One of the ways these leases were so different from each other was in the definition of the term of the lease. Several defined the Commencement Date as the date of the lease and then a Rent Commencement Date as the earlier of opening or the Commencement Date plus xxx days. Others did not define a Commencement Date but defined a Rent Commencement Date only.

Lease Year definitions also varied – some defined from the Commencement Date while other defined from the Rent Commencement Date.

There were numerous changes. One defined rents as increasing each Lease Year, with Lease Year defined as from the Rent Commencement Date.

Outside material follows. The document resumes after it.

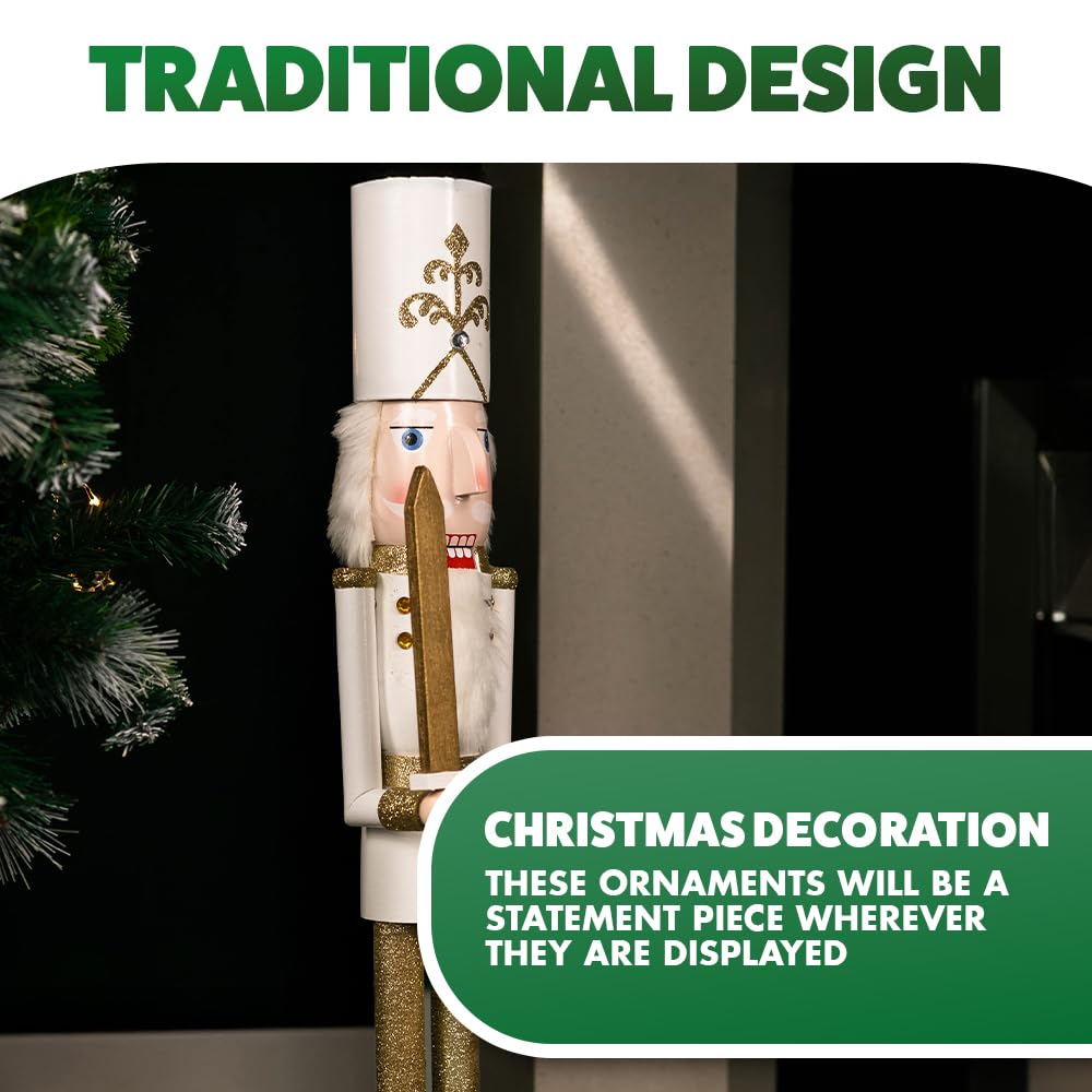 Magie des fêtes Apportez l'éclat de Noël à votre intérieur avec cette paire de décorations traditionnelles. Améliorez vos décorations de Noël avec la statue traditionnelle de soldat Casse-Noisette Marco Paul. Cette décoration d'intérieur casse-noisette dispose de 23 lumières LED enchanteresses, d'un fonctionnement pratique à piles et d'un savoir-faire exquis peint à la main Description du produit : Grand casse-noisette de Noël blanc – Une charmante alternative aux casse-noisettes ordinaires, ces versions traditionnelles Jumbo scintillantes offrent un plaisir de Noël accrocheur Mesurant 70 cm de haut, cette décoration de Noël sera une pièce de déclaration, où qu'elle soit exposée. Avec des détails peints à la main et une construction en bois, cette décoration de Noël autoportante est la décoration idéale pour près de votre cheminée ou arbre de Noël. Durable : fabriqué avec soin et attention aux détails à partir de construction en bois solide et résistant, cette superbe décoration casse-noisette est également peinte à la main Fini dans des couleurs primaires audacieuses et avec des paillettes complexes et des détails dorés sur toute la surface, cette décoration sur pied répandra la joie festive où qu'elle soit placée Décoration festive : pour une utilisation en intérieur, cette superbe décoration debout fera un impact lorsqu'elle est placée au pied d'un escalier, près d'un arbre de Noël ou dans un hall d'entrée pour accueillir vos invités Ce casse-noisette unique de style traditionnel est une décoration de sol parfaite et unique. Avec des détails peints à la main et une construction en bois, cette décoration de Noël autoportante en bois soldat est la décoration idéale à côté de votre cheminée ou arbre de Noël. Nutcracker soldier images libres de droit, photos de Nutcracker soldier Avec un tambour, des barbes en fourrure et des cheveux, ces ornements sont pleins de charme de Noël et de style traditionnel. Magie des fêtes : apportez l'éclat de Noël à votre maison avec cette décoration traditionnelle. Détails incroyables Les détails peints à la main rendent ces casse-noisettes géants spéciaux. Casse-noisette Jumbo : une charmante alternative aux casse-noisettes ordinaires, ces versions traditionnelles jumbo scintillantes offrent un plaisir de Noël accrocheur Impressionnants, uniques et insolites dans le style et avec quelque chose à voir sous tous les angles, ils sont frappants où qu'ils soient affichés Casse-noisette Noël Grande Statue De Soldat Casse-noisette Marco Paul Peinte à La Main Hauteur 70 Cm Pièce Maîtresse Décoration de Noël : pour une utilisation en intérieur, cette superbe décoration debout fera un impact lorsqu'elle est placée au pied d'un escalier, près d'un arbre de Noël ou dans un hall d'entrée pour accueillir vos invités Ce casse-noisette unique de style traditionnel est une décoration de sol parfaite et unique.

In this case, the Rent Commencement Date was 5/24/15. The Lease Year was ultimately 6/1-5/31. However, the Offering Memorandum reflected the rent as increasing on 8/1. Why? The seller had inadvertently used 8/1 because the tenant had been granted a 60 day rent abatement at the beginning of the term. 60 days from the Rent Commencement Date. That abatement did not change the Rent Commencement Date and did not change the definition of Lease Year. A two month (every year) acceleration of rent bumps.

But, out bigger issue was another lease executed 4/24/14, which happened to be the defined Commencement Date. Lease Year was also measured from this Commencement Date – so the first Lease Year was 4/24/14-4/30/15. However, the Rent Commencement Date was ultimately not until 11/24/15. The Term was defined as 10 Lease Years from the Commencement Date. The seller had inadvertently measured from the Rent Commencement Date (both the Lease Year and the Term). The seller was, therefore, presenting the Term as 11/24/15-11/30/25. However, the reality was that the Term actually ran from 4/24/14-4/30/24 – a difference of 19 months!!!

I would venture to guess that the intent was the seller’s presentation. However, without a letter agreement or amendment, the buyer can only count on a Term ending 4/30/24, not 11/30/25.

One funny (to someone who appreciates lease language) was that the bump date of minimum rent did not change. While the term was measured from the Commencement Date and by Lease Year, the rental periods were defined by “Years” from the Rent Commencement Date.

All of these problems were clearly unintentional. But, unintentional or not, lease language has consequences.